Each of these moments might have slipped into the broadcast ether but for the efforts of Media Matters for America, the nonprofit, highly partisan research organization that was founded four years ago by David Brock, a formerly conservative author who has since gone liberal.

Ripping a page from an old Republican Party playbook, Media Matters has given the Democrats a weapon they have not had in previous campaigns: a rapid-fire, technologically sophisticated means to call out what it considers “conservative misinformation” on air or in print, then feed it to a Rolodex of reporters, cable channels and bloggers hungry for grist.

Producers for both “The Daily Show with Jon Stewart” and “The Colbert Report” on Comedy Central take calls from the organization. James Carville, the Democratic strategist and CNN commentator, has read from its items on the air, not least, he says, because they “just irritate the right to no end.”

“It was always kind of a dream, that we needed something like that,” Mr. Carville said. “I wouldn’t say they’ve become as effective as the entire conservative media backlash thing, but they’re probably more effective than any single entity.”

At the core of the Media Matters operation is its ability to hear and see so much of the news and commentary that streams across the nation’s airwaves, and to scan so many major newspapers and blogs. The group has an annual operating budget of more than $10 million — up from $3 million in 2004 — much of it donated by wealthy individuals with ties to the Democratic Party, including Peter B. Lewis, chairman of Progressive Insurance; Steve Bing, a movie producer; and Marcy Carsey, a television producer.

That money allows the group to monitor and transcribe nearly every word not only on network and cable news but also on nationally syndicated talk radio and, lately, local radio. It was Media Matters that widely disseminated a transcript of Don Imus making racially and sexually offensive comments about the Rutgers women’s basketball team. (On its own this summer, the group also circulated a photo of this reporter that had been digitally altered by Fox News.)

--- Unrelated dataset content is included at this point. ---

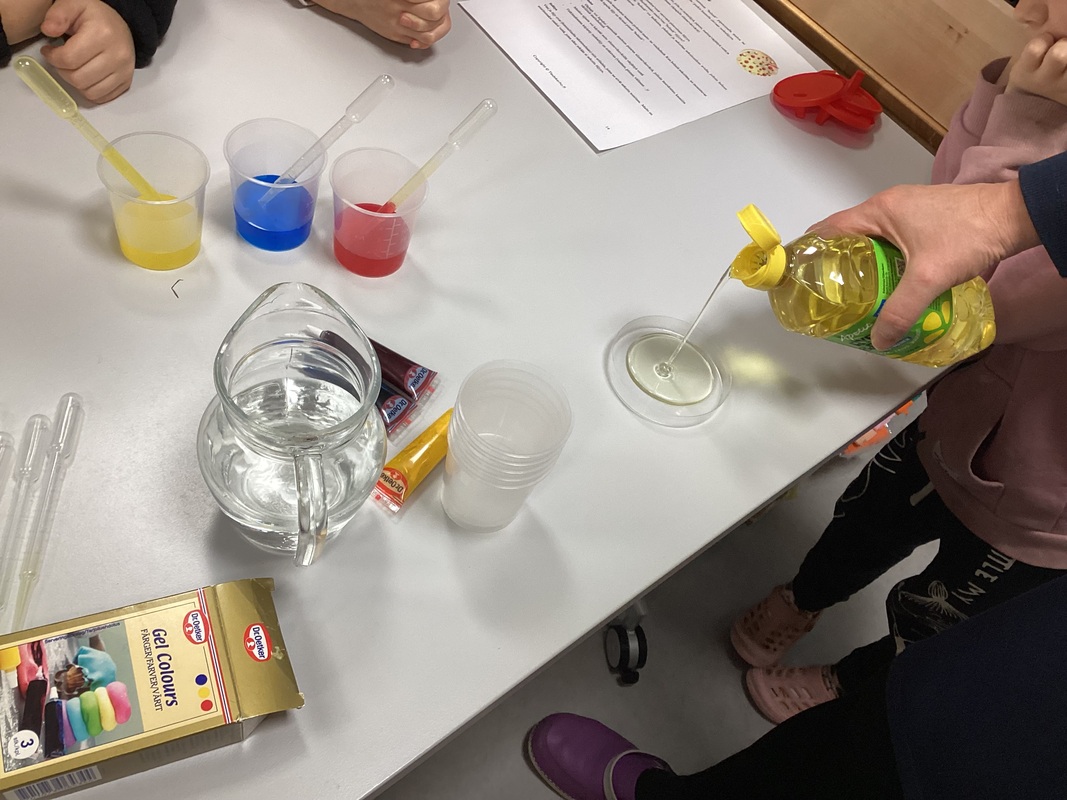 Toinen ryhmä teki tiedettä öljystä ja vedestä, petrimaljan ja pipettien avulla.

Media Matters says it does not coordinate its efforts with the Obama campaign — the campaign has its own media-criticism Web site, FightTheSmears.com — though some Democratic operatives have, at the least, suggested potential items to Media Matters over the years.

But Mr. Brock, the founder and chairman of Media Matters, makes no secret of the candidate he favors in the election: he hosted two fund-raisers recently that, he said, raised $50,000 for Mr. Obama. And John D. Podesta, a former chief of staff to President Bill Clinton who helped create Media Matters, is a chairman of the team that would facilitate Mr. Obama’s transition to the White House, should he win.

“I’m a good progressive,” said Mr. Brock, who also gave money to the primary campaign of Senator Hillary Rodham Clinton.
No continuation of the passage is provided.